Das Schulsystem in Deutschland
Deutschland verfügt über ein historisch gewachsenes, selektives Bildungssystem, das durch den Bildungsföderalismus der Bundesländer geprägt ist. Kinder und Jugendliche mit Behinderungen werden dabei in einem international einmalig ausdifferenzierten Förderschulsystem unterrichtet. Diese Struktur steht im Widerspruch zum Anspruch der UN-BRK, ein inklusives Bildungssystem aufzubauen, das allen Schüler*innen uneingeschränkten Zugang zu gemeinsamer Bildung ermöglicht. Die Bundesländer sehen sich mit der Aufgabe konfrontiert, inklusive Bildung in einem System zu realisieren, das auf Selektion und Homogenität ausgelegt ist.
Daten und Fakten
Trotz des gestiegenen Anteils inklusiv beschulter Kinder ist bislang kein systematischer Rückbau des Sonderschulwesens zu beobachten. Vielmehr bestehen die Förderschulen als separierende Strukturen nahezu unverändert fort.

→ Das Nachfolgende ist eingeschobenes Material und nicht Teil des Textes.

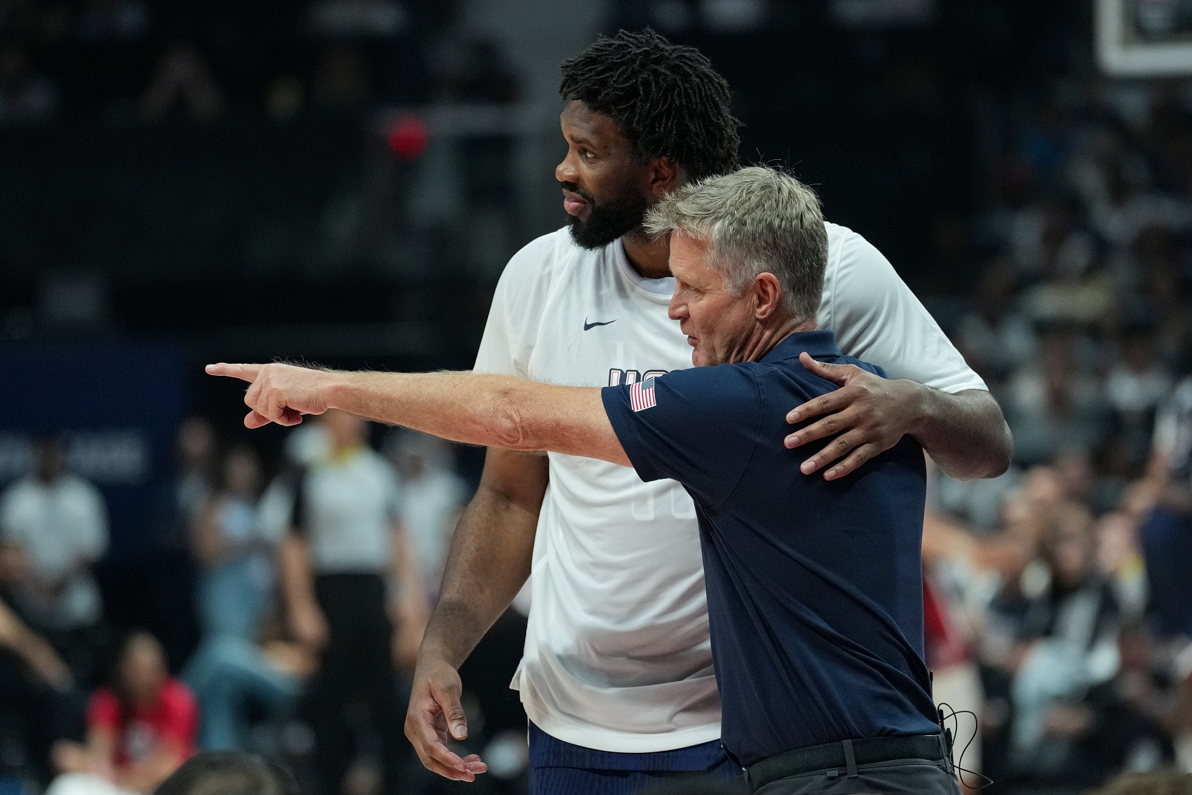 科爾美國男籃征戰奧運期間執教恩比德3月2日訊 今早9點半,勇士客場挑戰76人,科爾賽前接受了媒體采訪。談到恩比德因傷賽季報銷,科爾表示:“我為他和76人感到難過,我們的聯盟非常依賴數據和一些優秀的球員

Ein genauerer Blick zeigt, dass seit 2009 nur für die Förderschwerpunkte „Lernen“ sowie „Emotionale und Soziale Entwicklung“ (ESE) belastbare Zahlen bei der Kultusministerkonferenz vorliegen. So gab es 2009 insgesamt 205.926 Schüler*innen mit dem Förderschwerpunkt Lernen, von ihnen wurden 163.363 an Förderschulen unterrichtet und 42.563 Schüler*innen an allgemeinbildenden Schulen. Im Förderschwerpunkt ESE gab es 2009 insgesamt 58.762 betroffene Schüler*innen, davon 36.595 an Förderschulen und 22.167 an allgemeinbildenden Schulen. Im Vergleich dazu wurden 2023 im Förderschwerpunkt Lernen 235.750 Schüler*innen mit Förderbedarf unterrichtet, davon 112.584 an Förderschulen und 123.166 an allgemeinbildenden Schulen. Dies entspricht etwa 38,8 Prozent der insgesamt 60.8097 Schüler*innen mit Förderbedarf an allen deutschen Schulen im Schuljahr 2023/24. Im Förderschwerpunkt ESE waren es 2023 insgesamt 107.808 Schüler*innen, davon 45.719 an Förderschulen und 62.089 an allgemeinbildenden Schulen, was rund 17,7 Prozent aller Schüler*innen mit Förderbedarf entspricht.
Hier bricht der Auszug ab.